Soudain, Emmanuel s’exclama :

— Une tempête de poussière ! Elle vient vers nous…

— Il faut partir d’ici !

— Mais comment faire ? s’inquiéta Rufinus. Les Tartares nous ont pris nos montures.

Pour toute réponse, Gargano se contenta d’un sourire. En un bond formidable, le géant gagna le refuge des airs, Simon sous un bras, Cassiopée sous l’autre, Emmanuel accroché à son dos et Rufinus dans sa besace. Il courait moins vite qu’à l’aller, de façon à ne pas distancer l’oiselle, qui suivait à tire-d’aile.

— Où allons-nous ? s’enquit Emmanuel.

— À Damas.

— Mais c’est chez Saladin !

— Oui, mais il a les meilleurs médecins du monde.
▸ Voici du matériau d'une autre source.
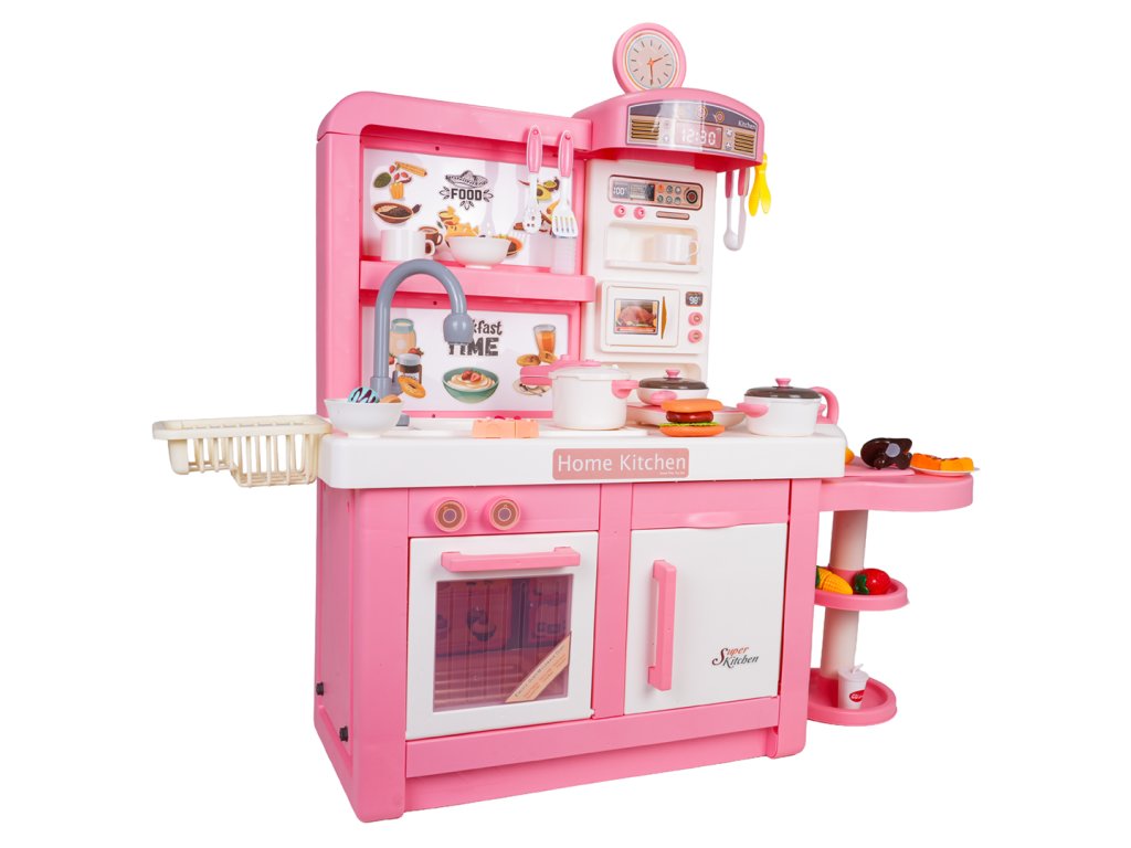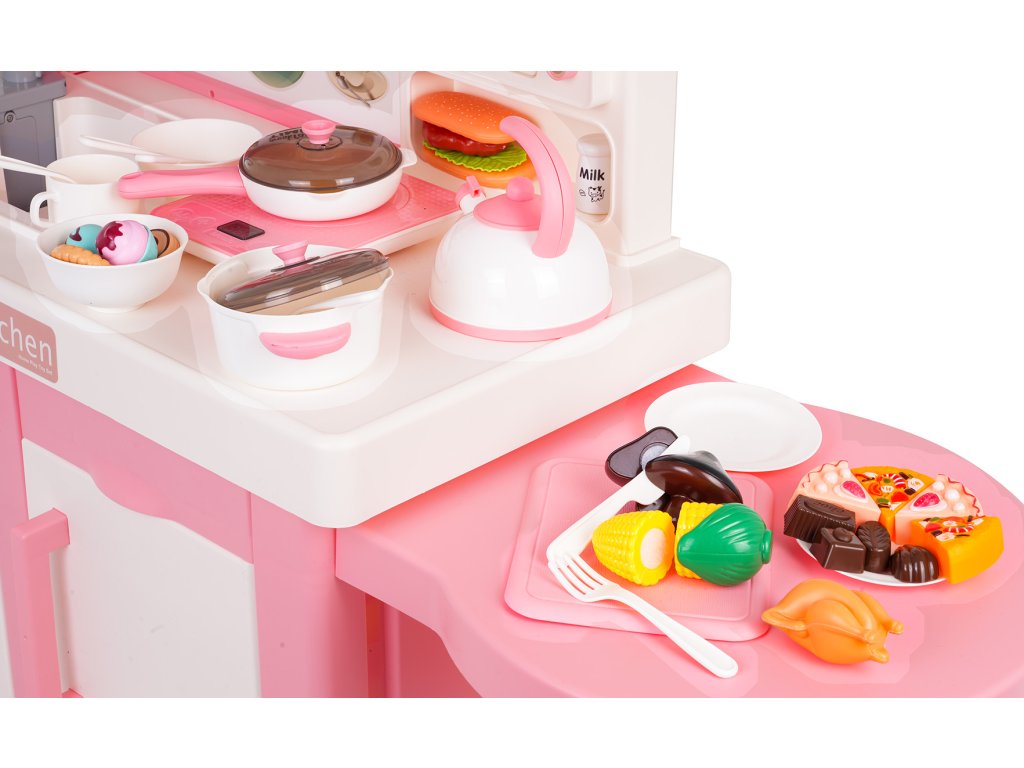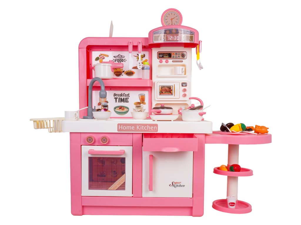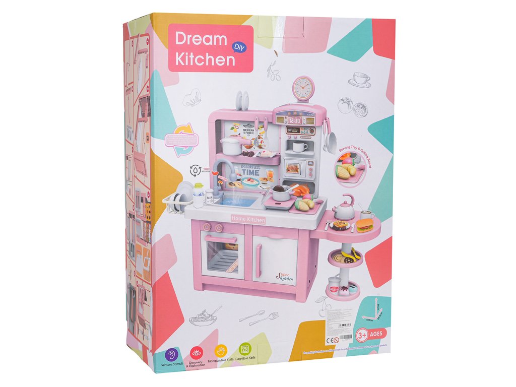 An interactive, fully equipped kitchen with sound, light, and steam effects for children aged three and up. All elements are made of the highest quality, child-safe materials. The kitchen features a pink and white color scheme, making it a perfect addition to any child's room. The toy kitchen includes a microwave, sink with a faucet, induction cooktop, oven, coffee maker, refrigerator, dessert stand, and a wealth of kitchen accessories, including pots, cutlery, plates, kettle, cups, and mock food items. Water actually flows from the faucet, and the induction cooktop is illuminated, has a temperature display, and makes realistic cooking and frying sounds. An additional attraction is the release of safe (cool) steam from one of the pots. The faucet is powered by 2 x 1.5V AA batteries (not included), while the induction cooktop is powered by 3 x 1.5V AAA batteries (not included).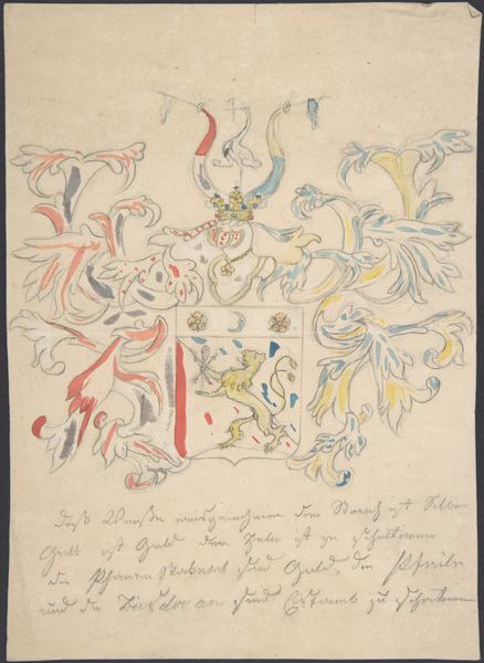 Curator: This watercolor, a Pennsylvania German birth certificate from 1937, isn’t just a document, it's a little poem disguised as practicality, don't you think? Editor: Absolutely, it feels very personal! It uses simple, bright watercolor and folk-art motifs—birds, tulips, and a rather enigmatic face—to celebrate a birth, right? How do we read all these different elements? Curator: That face… It’s the kind of moon-faced cherub that seems to follow you around the room, isn't it? And the birds, perched so proudly, flanking the Fraktur text—they are so endearing! Imagine someone meticulously crafting this as a heartfelt keepsake. But think about what is included: text surrounded by images… Does this suggest the family was concerned about record keeping? Editor: Hmm, maybe! The folk-art imagery is what really draws me in. It contrasts so much with what I think of official documents looking like. The Pennsylvania Regionalism style gives a sense of home. Curator: Yes, and what is home? For the Pennsylvania Germans, their Fraktur art wasn't just pretty decoration; it was a testament to their culture, faith, and connection to the land and language. Each flower, each bird, maybe even that slightly unsettling cherub, carries a silent story. The family could cherish this record, in their chosen style! What do you think these illustrations communicate that written text could not? Editor: I hadn't thought of it that way. They evoke an emotion that connects to memory, belonging, and shared identity. Curator: Precisely. It's a reminder that even official documents can be tapestries of love, memory, and cultural identity woven together with care and intention. This art object feels so much warmer than just a form! Editor: It's fascinating how folk art traditions enrich our understanding of everyday life. It has made me realize that the "simple" design speaks volumes.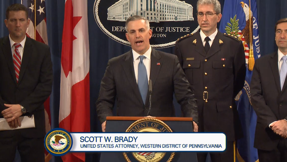 В конференции приняли участие помощник генпрокурора по нацбезопасности США Джон Демерс, заместитель помощника директора ФБР по кибербезопасности Эрик Уэллинг, прокурор Западного округа Пенсильвании Скотт Брэди, директор королевской конной полиции Канады генерал Марк Флинн.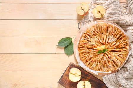 Apple pie with caramelized apples on a wooden table. Apple tart.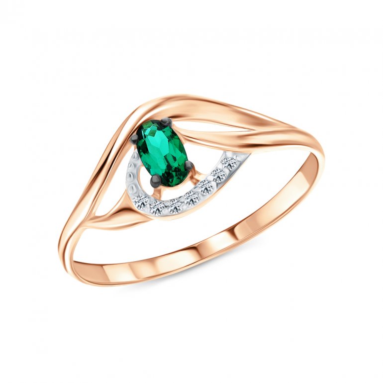 Кольцо с 7 бриллиантами природными, 0.029 карат, огранка круг 17 граней, цвет 2, чистота 2, тип огранки А; 1 гидротермальным изумрудом, 0.225 карат, тип огранки Б; Розовое золото 585 пробы.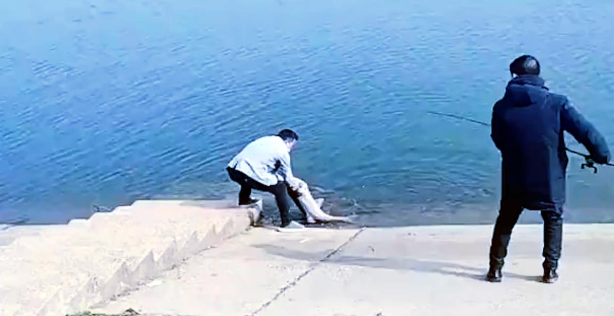 下面的两名男子在户外垂钓时,钓着钓着撒腿就往岸上跑,到底是怎么回事呢?
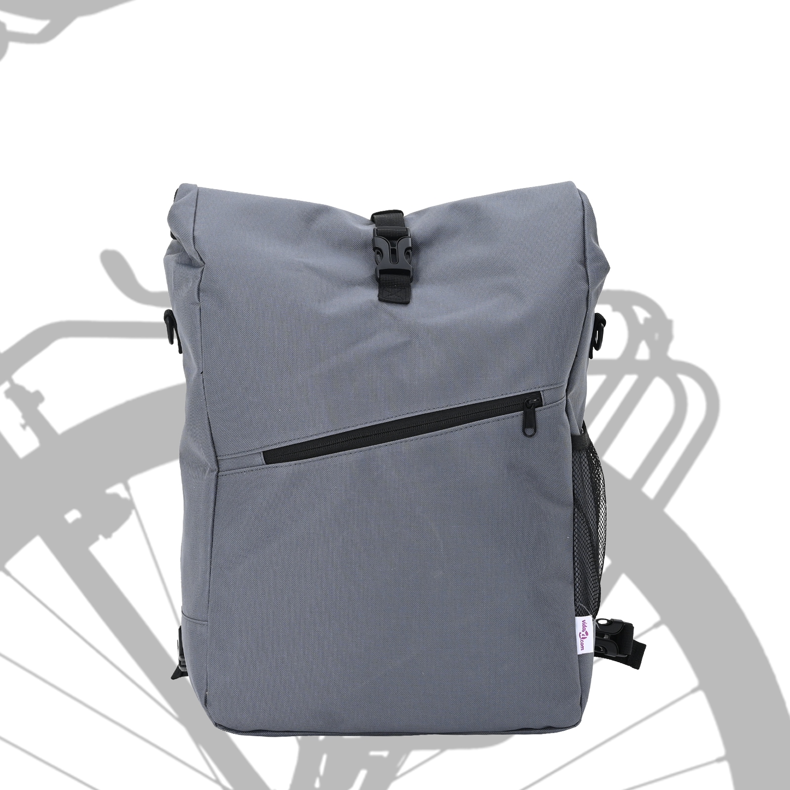 Tämä pannier-laukku on tehty modernille pyöräilijälle, joka arvostaa tyyliä ja käytännöllisyyttä. Kirkas harmaa väri sopii monenlaisiin pyörätyyleihin, ja se tarjoaa runsaasti tilaa työkaluillesi, välipaloillesi ja muille henkilökohtaisille tavaroillesi. Se on täydellinen jokapäiväisiin ajoihin tai pitkiin retkiin.

Confiant dans le destin, certain de s’être trouvé d’excellents compagnons, Emmanuel renonça à discuter. Il eut un haussement de sourcils amusé, et – curieux – jeta un coup d’œil derrière lui. La tempête avait enfin atteint les tombes de Simon et Cassiopée. Des éclairs de sabres et des chevaux hennissants se dessinaient dans les trombes de poussière. Les Tartares étaient fous de colère. L’un d’eux, un tout jeune homme, pointa son glaive en direction de la porte de Fer, et jura de se venger.